It simulates the speech, I think, that Microsoft's CEO at that time, or the head of research-- the speech was generated in his own accent, his own voice. But it was real time speech to speech, so hearing, translation, and speaking altogether. There's room for improvement. It shows the beginning.
Here's another success-- AlphaGo. So after Deep Blue happened, people said, well, that's chess. There's something not that hard about it. Let's take a much harder game-- Go. Go was known to be very much harder than chess by orders of magnitude. And the sense was it might be 30, 40 years before we tackle Go. It took 50 years before we could do Deep Blue.
You know, we see five years-- well, it was about-- it's lower-- 15 years later, Go is suddenly defeated. This came about 15 years before we thought it would be doable. And DeepMinds Google did it, partly learning, but also some more traditional techniques.
Google's WaveNet is something you should Google [CHUCKLES] I guess. Yeah. So WaveNet gives human-level speech synthesis that is indistinguishable from humans. Very worrisome development. It means we can now synthesize-- somebody can give you-- I just heard about that. There are now scam callers going on that simulate your mother or something like that, and will ask you to do something. And it's becoming hard to know that it's not your mother. OK? So it's a little worrisome. But that's starting to become possible or is possible now.

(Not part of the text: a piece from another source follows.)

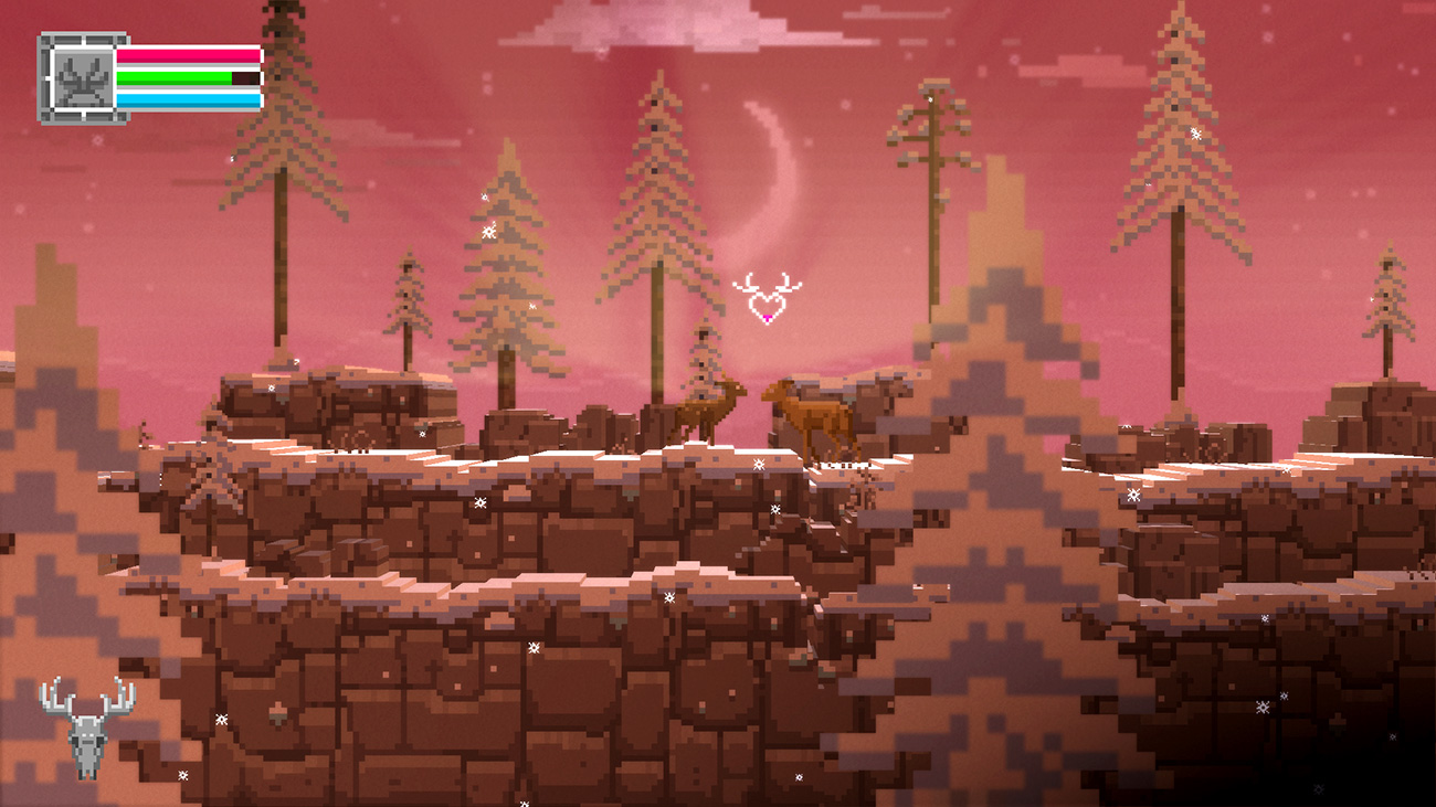 In this game you’re playing as a human hunter who has been transformed into a deer to learn some deep life-lesson. You start off as a small fawn, it’s a side-scrolling platformer and you just begin running to the right. Along the way you can encounter all types of forest animals, some are peaceful bearing a heart as their health bar, and others will attack you, like foxes, wild boars, snakes etc. These you can kill by charging into them, as a small fawn though you don’t deal much damage, but as you advance you grow up. Eventually you’ll become a fully grown buck, being able to jump higher and attack harder. Be aware though, hurting innocent animals might bring punishments… but there’s also achievements to be gained.. 😀
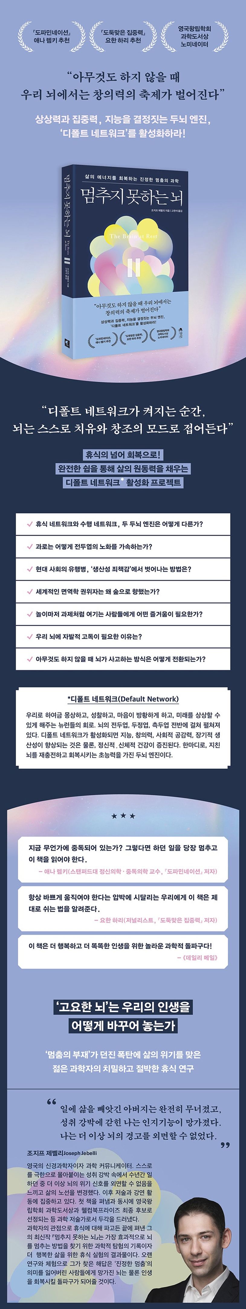 “디폴트네트워크가켜지는순간,뇌는스스로치유와창조의모드로접어든다”‘멈춤의부재’가던진폭탄에삶의위기를맞은젊은과학자의치밀하고절박한휴식연구평소와같이연구실책상앞에앉아있던신경과학자조지프제벨리는마침내인정할수밖에없었다.자신의뇌는망가졌고,계속해서망가지고있었다.스스로를극한으로몰아붙이는성취강박속에서수년간쉬지않고달려온결과였다.기억력과집중력,인지기능이점점떨어졌고신체적으로도타격받고있었다.제벨리는아버지를떠올렸다.20년간최선을다해일‘만’한아버지는“이제는어떻게쉬어야하는지도모르겠어!”라는절규와함께하루아침에무너져버렸고,10여년이지나도록회복하지못한채우울증과과다수면증에잠식되어있다.더이상뇌가보내는위기신호를외면할수없었다.그런데일을줄이고휴식을늘리자생각지도못한변화가일어났다.단순히피로를떨쳐내고건강을되찾는데그치지않고,오히려더생산적으로일할수있게된것이다.창의력과문제해결능력이스스로느낄수있을만큼향상되었으며,그어느때보다삶의에너지가충만해졌다.제벨리는과학자로서이현상에관해파고들기시작했다.우리가쉴때뇌에서는어떤일이벌어질까?그것이우리의삶에는어떤영향을줄까?더효과적으로쉬기위한방법은없을까?그해답을두뇌속‘디폴트네트워크’에서찾았다.완전한쉼을통해삶의원동력을채우는디폴트네트워크활성화프로젝트인간두뇌속에는서로다른역할을하는두가지엔진이존재한다.하나는목표지향적으로과제를수행해내는집행네트워크,다른하나는자유롭게창의력을발휘하는디폴트네트워크다.이들은뇌의여러영역에걸쳐분포하는뉴런들의회로로,시냅스를연결하고억제하는방식으로기능한다.이두엔진이균형을이루며가동되어야우리뇌는건강하게자신의능력을발휘할수있다.하지만더많이,더열렬하게일하는것을덕목으로삼는현대인들의뇌가조화롭게굴러가고있을리없다.중요한것은집행네트워크가켜지면디폴트네트워크는꺼진다는사실이다.종일쉬지않고단기적인성과에몰두하는동안우리는뇌를매우제한적으로사용하게된다.흔히‘휴식’이라고부르는활동,이를테면스마트폰을보거나사람들과수다를떨거나심지어잠을자는중에도디폴트네트워크가아닌집행네트워크가작동한다.그렇다면도대체디폴트네트워크는언제켜질까?제벨리는디폴트네트워크를활성화하는‘진정한멈춤’에주목한다.‘고요한뇌’는어떻게인생을바꾸는가가장효과적으로뇌를멈추기위한과학적탐험!제벨리는일과휴식을다룬무수한연구들을탐구하고분석하는것은물론,스스로실험대상이되는일도마다하지않았다.마음을자유롭게방황시키기위해내면경험을관찰하고표현하는‘묘사적경험표집법’실험에참여한이야기는마치흥미로운여행담처럼독자를디폴트네트워크의세계로이끈다.또한그는진정한멈춤에관해이야기해줄수있는사람이라면그게누구든,어디에살든찾아가묻고들었다.디폴트네트워크를최초로발견한신경과학계의권위자부터숲으로향한세계적인면역학자,완전한고독을선사하는무향실(anechoicchamber)의음향기술자,굳이자전거로출퇴근하는생물학자,네덜란드의휴식기법‘닉센(niksen)’을실천하는작가까지.제벨리는그들의이야기를수집하며두뇌속휴식엔진에대해더욱깊이알아낸다.나아가디폴트네트워크를작동시키는방법들을직접실천하느라고군분투하기도한다.『멈추지못하는뇌』는가장효과적으로뇌를멈추는방법을찾기위한과학적탐험의기록이자더행복한삶을위한휴식실험의결과물이다.우리뇌를잘쉬게할때,디폴트네트워크가제대로작동할때우리의인생은얼마나윤택하고건강해질수있는가.이책은놀이와휴식마저일처럼계획하고수행하느라‘진정한멈춤’의의미를잃어버린사람들에게망가진뇌는물론인생을회복시킬돌파구가되어줄것이다.추천의글“항상바쁘게움직여야한다는압박에시달리는우리에게이책은제대로쉬는법을알려준다.”-요한하리(저널리스트,『도둑맞은집중력』저자)“지금무언가에중독되어있는가?그렇다면하던일을당장멈추고이책을읽어야한다.”-애나렘키(스탠퍼드대정신의학·중독의학교수,『도파민네이션』저자)“더행복하고더똑똑한인생을위한놀라운과학적돌파구”-《데일리메일》

Watson-- so this was-- now we're going to 2017. We're talking January. We're talking last month. So IBM announced that Watson automated 30 mid-level insurance claim workers. Now, this might not sound like a lot. But they took an office of insurance claim workers that had about 35 people in them. And 30 of them are being replaced by this Watson software. They found it has the same quality as the workers-- mid-level workers.
The system was about $2 million to develop. But now they can replicate it all over the insurance industry. So it's going to change the world of work.
Stanford just announced, end of January, the automated dermatologist that looks at pictures of potential skin cancers and found that it can-- this was published in Nature-- they found it can reach human-level accuracy, as good as the best dermatologists can get. OK? So again, human-level, top-level performance.
And just two weeks ago, poker, heads-up, no limit Texas hold 'em. I'm actually not a poker player. But apparently, this is tough. And it's tough in part because there is no limit to the bets you can raise, the money you can bet. And the human players-- this was considered to be out of reach for another 10 years. But again, a CMU program managed to beat the top human players.
AUDIENCE: It may be worth pointing out that last year they lost badly.
BART SELMAN: Yeah.
AUDIENCE: This is the second competition. They had a competition last year. Last year, the program was creamed. And this year, the program creamed the players. So that's what happens in a year.
BART SELMAN: In a year. Exactly. And actually, if you read the transcript by the players, it's very interesting. They felt the program was putting tremendous pressure on them while playing, where the problem was bidding so high that they thought, it can't be true. And they crumbled. So yeah.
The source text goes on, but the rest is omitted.